それとは全く反対に、梓のお母さんは口のはしっこが後ろに引っ張られるくらい笑みを浮かべた。
「あの子ったら一回帰ってきて、もう出かけないのかと思ったら、もう一回出て行ってね。
ちょっと気になったから窓からこっそり見たら、男の子とちゅぅぅぅって! あれって彼氏だよね! 絶対そうよね! なんだかびっくりしてたみたいだったけど……あれって突然だったからかな?」
梓のお母さんは、着ているシャツの袖口を使い、両手で口元を押さえた。
ジェスチャー付きの説明、どうもありがとうございました。オレは急に脱力感に襲われて気分が落ちた。肩を落とすってこう言う事なんだな。本当に肩が落ちそうになるのをこらえつつ、目が死んだまま梓のお母さんに別れを告げた。
……オレは何でこんなに脱力感に襲われて気分が落ちちゃってるんだ? 別に、好きでもないんだから、こんなに落ちる必要ないのに。まさか、好きなのかな。……いや、まさかねぇ〜まさか……それは無いな。あは、あはは、ははは、ははは……はぁ〜あ。
オレの目は未だに死んでいて、多分細い垂れ目になっていただろう。足は金属の棒と化し、ポケットに入れた温もりを失った両手で、なんとか持ち上げるようにして自転車まで歩いた。

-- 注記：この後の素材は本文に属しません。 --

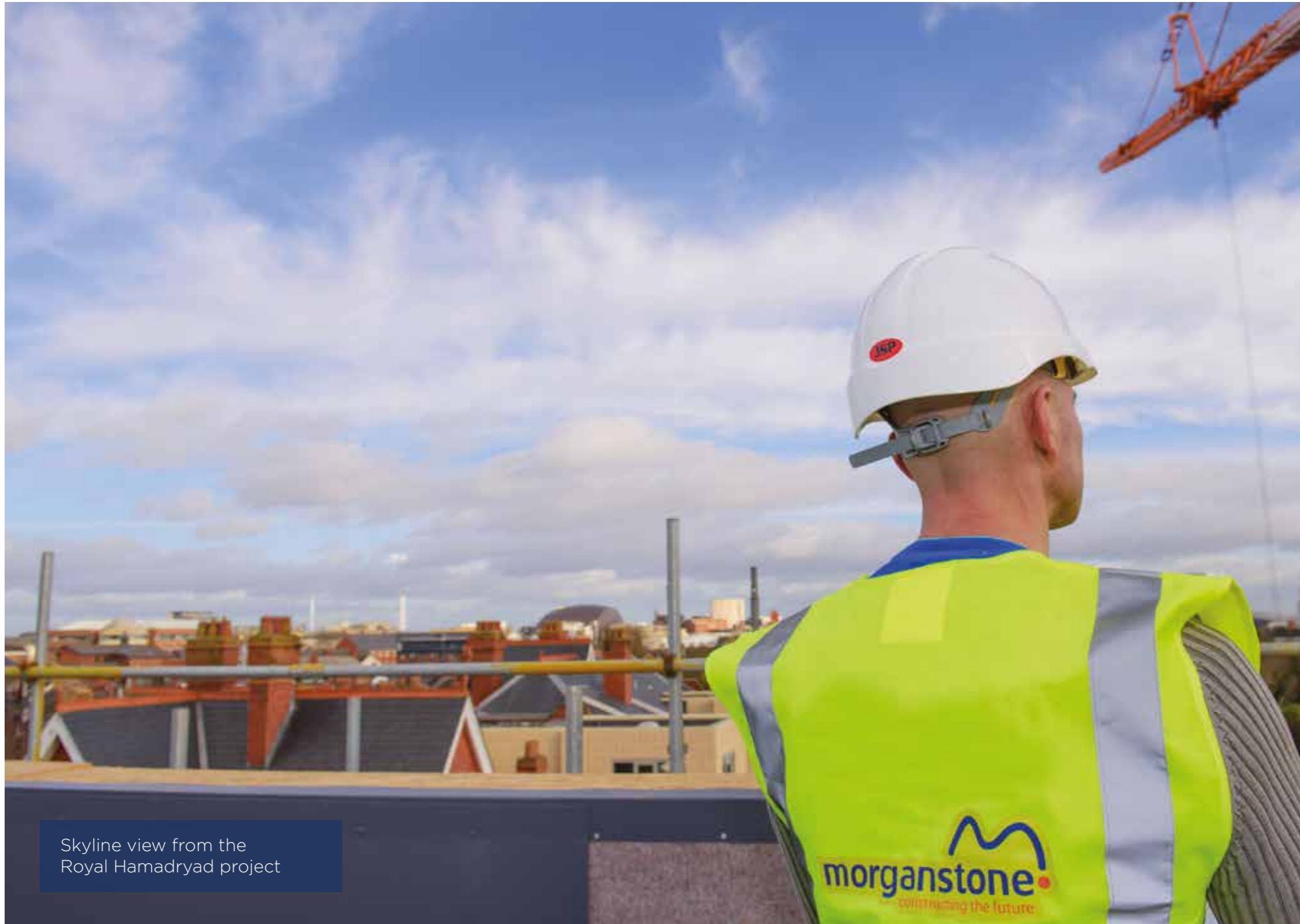
Skyline view from the Royal Hamadryad project

オレは自転車に乗って、さっきの四十五分間の旅とは全く反対の気分で自転車を走らせた。
キコキコ言わせながらダラダラと蛇行運転するオレ。目の前にある自動販売機についついすがり付きたくなるくらい心が弱っていた。最近の自動販売機って声が出るやつが多い。最も、オレはそう言うのは恥ずかしくてなかなか買えないのだが、今日は特別。なんてったって、卒業前夜ですから。何もかも卒業してしまおう。オレは小銭をポケットから探し出すと、それを一枚づつ穴に入れていった。
『いらっしゃいませ。暖かいお飲み物はいかがでしょうか?』
機械の声が辺りの静まりかえった雰囲気に響き渡る。それがあまりにもミスマッチで、やっぱりどうにかして消したいと思ったが、どうにも出来ず、ただただ辺りを異常に気にしながら飲み物を選び始めた。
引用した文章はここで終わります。